Todo apunta a que los brotes verdes en la economía mundial van tomando cuerpo. Y que, quizás, no acabarán agostándose, aunque ese peligro continúa. Pero sea cual sea el futuro inmediato, conviene no perder de vista el día después, el momento en el que la crisis pueda darse por finalizada.

Y conviene no olvidar ese momento porque, según cómo lo evaluemos, actuaremos hoy. He dicho ya en muchas ocasiones que el país tiene una percepción incorrecta de la crisis y sus consecuencias: se espera que, una vez superada, regresemos a la década prodigiosa. Eso no va a ser posible, ni aquí ni en el resto de países avanzados, si más no por un periodo relativamente largo.
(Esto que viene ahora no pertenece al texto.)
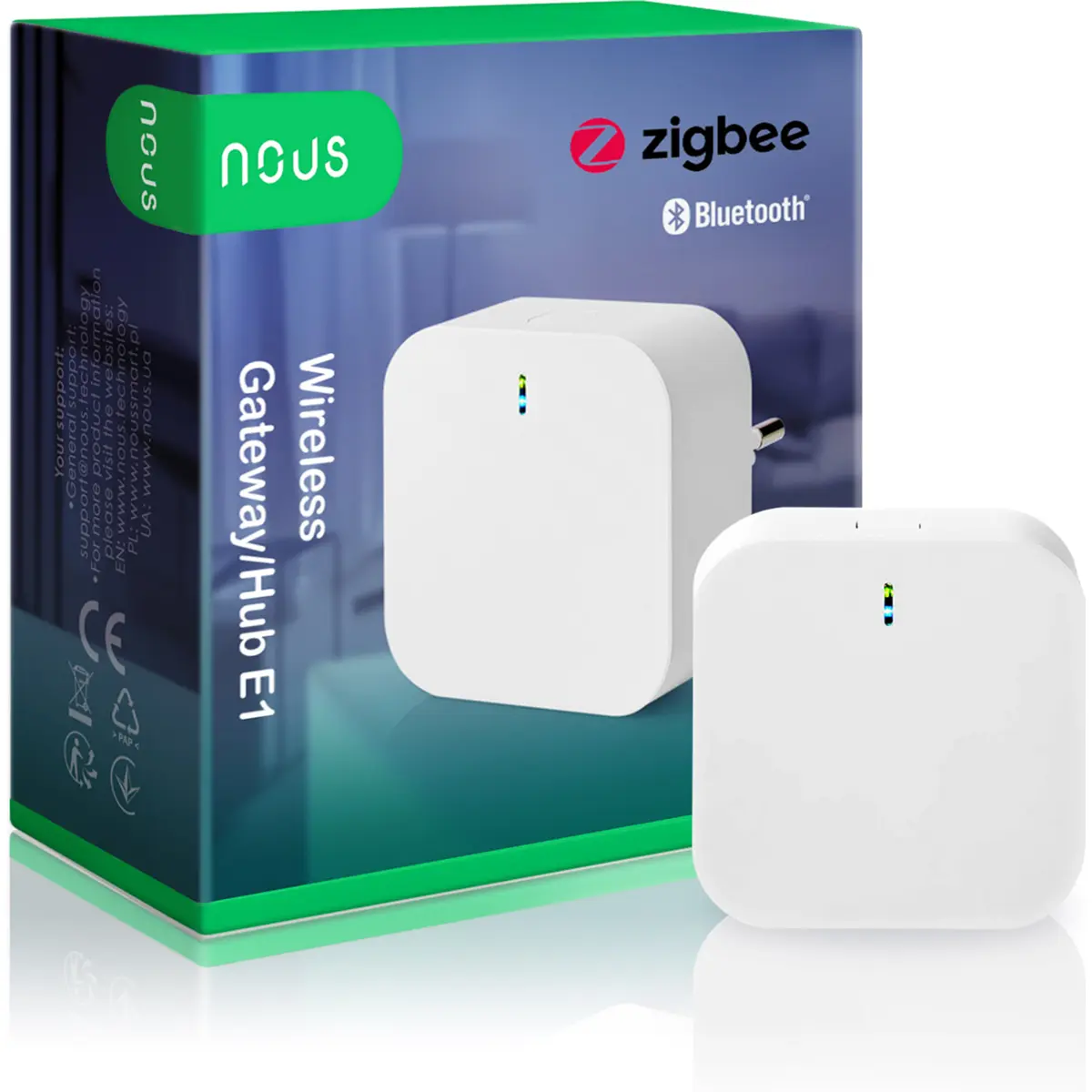 O NOUS E1 (Smart ZigBee Gateway) é um Hub inteligente que permite controlar até 128 dispositivos inteligentes que possuam conectividade Zigbee e/ou Bluetooth, como sensores, luzes, interruptores e fichas inteligentes.

Y ello porque un choque tan severo como el que hemos padecido sesga, a la baja, el crecimiento potencial de la economía.

Así, en el ámbito de la demanda, ninguno de los factores que impulsó el rápido crecimiento del PIB va a mantener el mismo protagonismo. El consumidor español, por ejemplo, va a entrar en el horizonte poscrisis con un pérdida de riqueza muy importante. No sólo de la financiera sino, muy especialmente, de la inmobiliaria, con su negativo impacto sobre el consumo. Tampoco cabe esperar intensos aumentos de la renta corriente. La creación de empleo va a situarse en valores menos expansivos que en el pasado, y ello afectará, también, a las expectativas de renta futuras. Además, el elevado endeudamiento familiar está obligando a aumentar el ahorro, una tendencia que va a prolongarse en el futuro. Menor consumo y mayor ahorro, ése es el futuro.
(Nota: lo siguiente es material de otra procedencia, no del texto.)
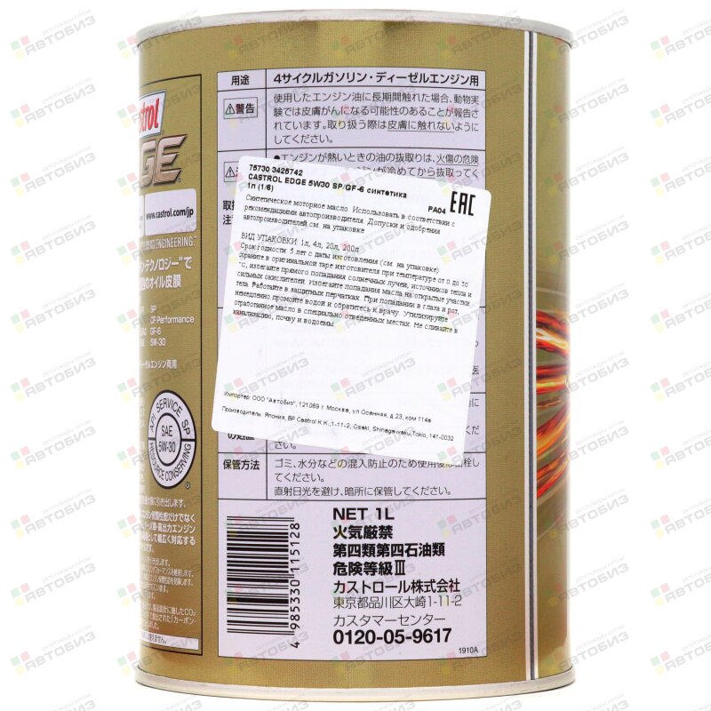 Купить CASTROL EDGE 5W30 SP/GF-6 синтетика 1л (1/6), 3425742 и другие автотовары в оптовом интернет-магазине Автобиз с доставкой. Мы работаем по всему Дальнему востоку и Сибири. На нашем сайте вы можете подобрать запчасти под нужный автомобиль и сразу заказать их. Всегда в наличии большой ассортимент автозапчастей, автоаксессуаров, автохимии и масел.

El consumo público se va a ver constreñido por la emergencia de los costes financieros. Con una deuda que puede situarse en el entorno del 70% del PIB y unos tipos de interés al alza, habrá que hacer hueco para atender los pagos por intereses. Además, la reducción del déficit se traducirá en un menor gasto y un mayor ingreso, una receta, ciertamente, poco expansiva. Y esa misma presión afectará la inversión pública, en un momento en que los fondos estructurales y de cohesión comenzarán a ser negativos, tras la enorme inyección anterior (superior a los 100.000 millones de euros).
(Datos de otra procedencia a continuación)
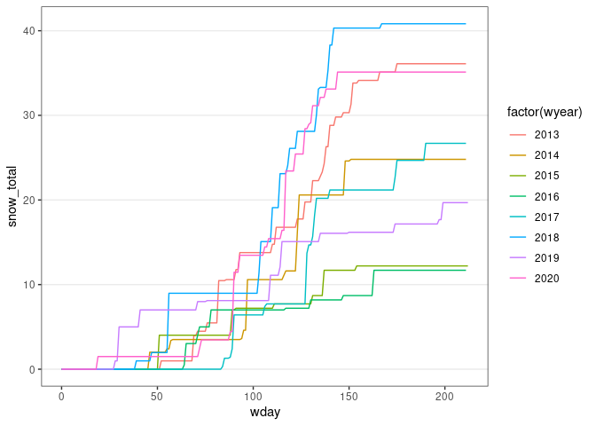 geom_line(aes(x = wday, y = snow_total, color = factor(wyear))) + thm

La inversión privada tampoco va a recuperar los ritmos previos, que situaron su peso en un insólito 31% del PIB en 2007, una cifra no contemplada… desde ¡1973! El proceso de adelgazamiento de esta variable es inevitable, dada la necesaria recuperación del ahorro de familias y empresas. Finalmente, las exportaciones van a encontrarse con un intenso incremento de la competencia internacional, en forma de devaluaciones, reducción nominal de salarios y/o caídas en los costes laborales unitarios, lo que dificultará el retorno a tasas de crecimiento elevadas. Y, por su parte, las previsibles alzas energéticas y el elevado componente importador de nuestra demanda final hacen difícil imaginar un saldo comercial por debajo del -4%/-5% del PIB. En síntesis, una nueva dinámica de la demanda interna y externa que va a lastrar el crecimiento futuro de nuestra economía.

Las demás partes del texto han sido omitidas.